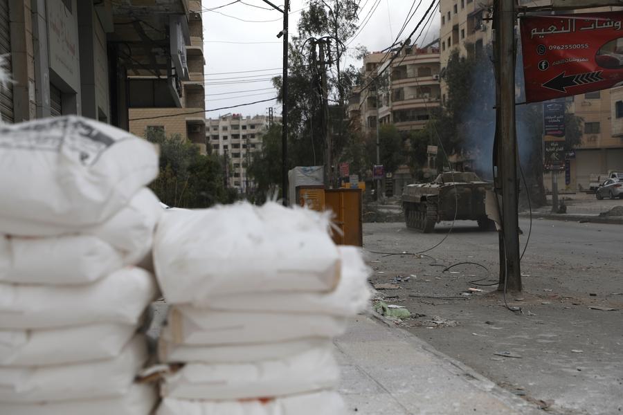 مركبة عسكرية سورية في بلدة أشرفية صحنايا بجنوب غرب العاصمة السورية دمشق في 30 أبريل 2025. (شينخوا)
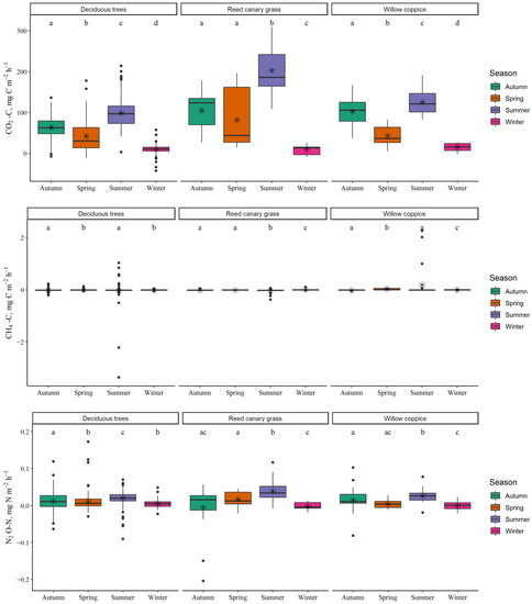 The impact of seasonality on soil GHG fluxes in plots dominated by deciduous trees, willow coppice or RCG in agroforestry systems in hemiboreal Latvia during the measurement period (June 2020–October 2021). In the box plots, the median is shown by the bold line, the mean is shown by the black asterisk, the box corresponds to the lower and upper quartiles, the whiskers show the minimal and maximal values (within 150% of the interquartile range from the median) and the black dots represent outliers of the datasets. Different lowercase letters show statistically significant differences (p < 0.05) between seasons within the group of dominant vegetation.
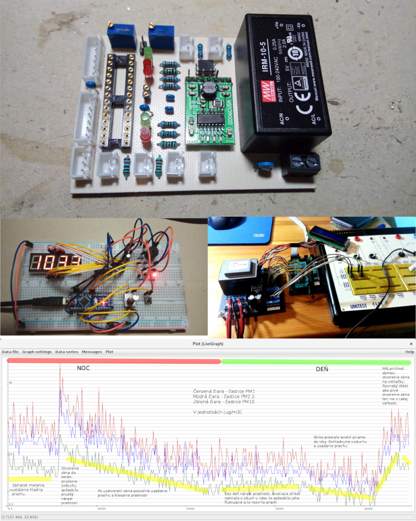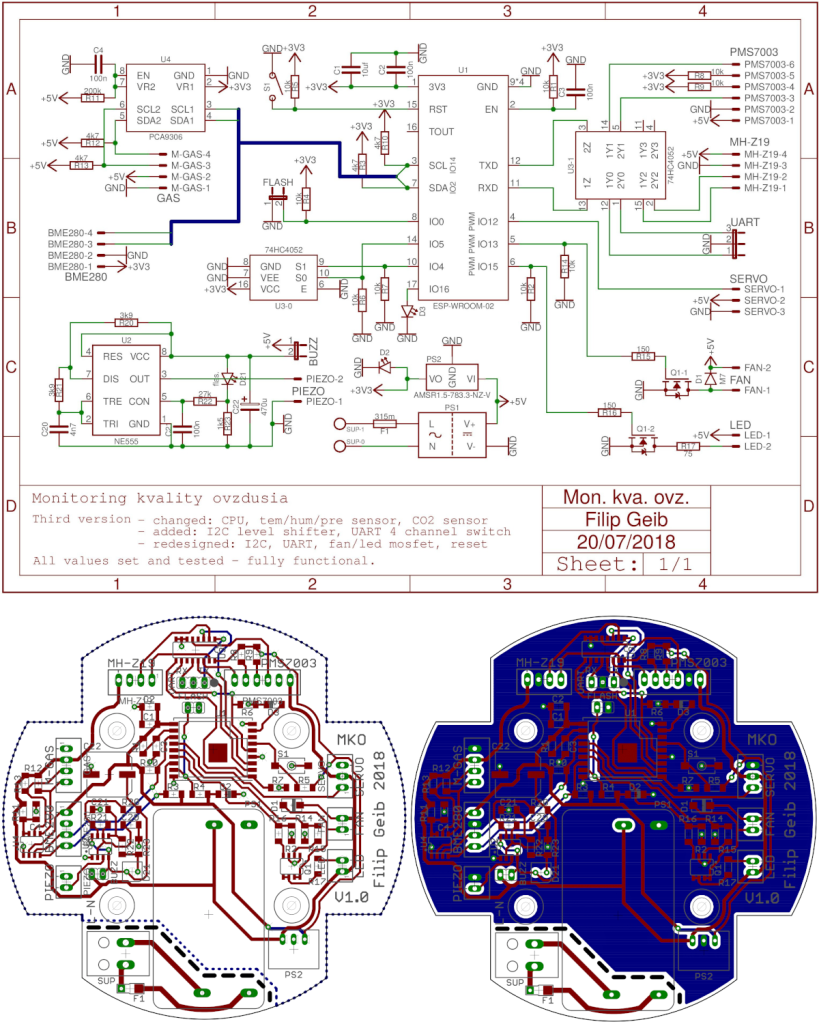 I won a national environment-developing award with an IoT network of air quality monitoring devices. Each device is wirelessly connected to a server and constantly measures and sends a wide set of parameters. They include basic meteorological properties, three types of dust particles, and a set of chemicals such as CO2 or NO2. All the data is then processed and visualized on a website. This project included system design in KiCad, 3D design in FreeCad, software development in C/C++, and website front end using PHP and JavaScript.

* _Activity_: Without the pictures, write out the listing exactly as it appears above.

* _Solution for this problem_:
 مركبة عسكرية سورية في بلدة أشرفية صحنايا بجنوب غرب العاصمة السورية دمشق في 30 أبريل 2025. (شينخوا)
 The impact of seasonality on soil GHG fluxes in plots dominated by deciduous trees, willow coppice or RCG in agroforestry systems in hemiboreal Latvia during the measurement period (June 2020–October 2021). In the box plots, the median is shown by the bold line, the mean is shown by the black asterisk, the box corresponds to the lower and upper quartiles, the whiskers show the minimal and maximal values (within 150% of the interquartile range from the median) and the black dots represent outliers of the datasets. Different lowercase letters show statistically significant differences (p < 0.05) between seasons within the group of dominant vegetation.
 I won a national environment-developing award with an IoT network of air quality monitoring devices. Each device is wirelessly connected to a server and constantly measures and sends a wide set of parameters. They include basic meteorological properties, three types of dust particles, and a set of chemicals such as CO2 or NO2. All the data is then processed and visualized on a website. This project included system design in KiCad, 3D design in FreeCad, software development in C/C++, and website front end using PHP and JavaScript.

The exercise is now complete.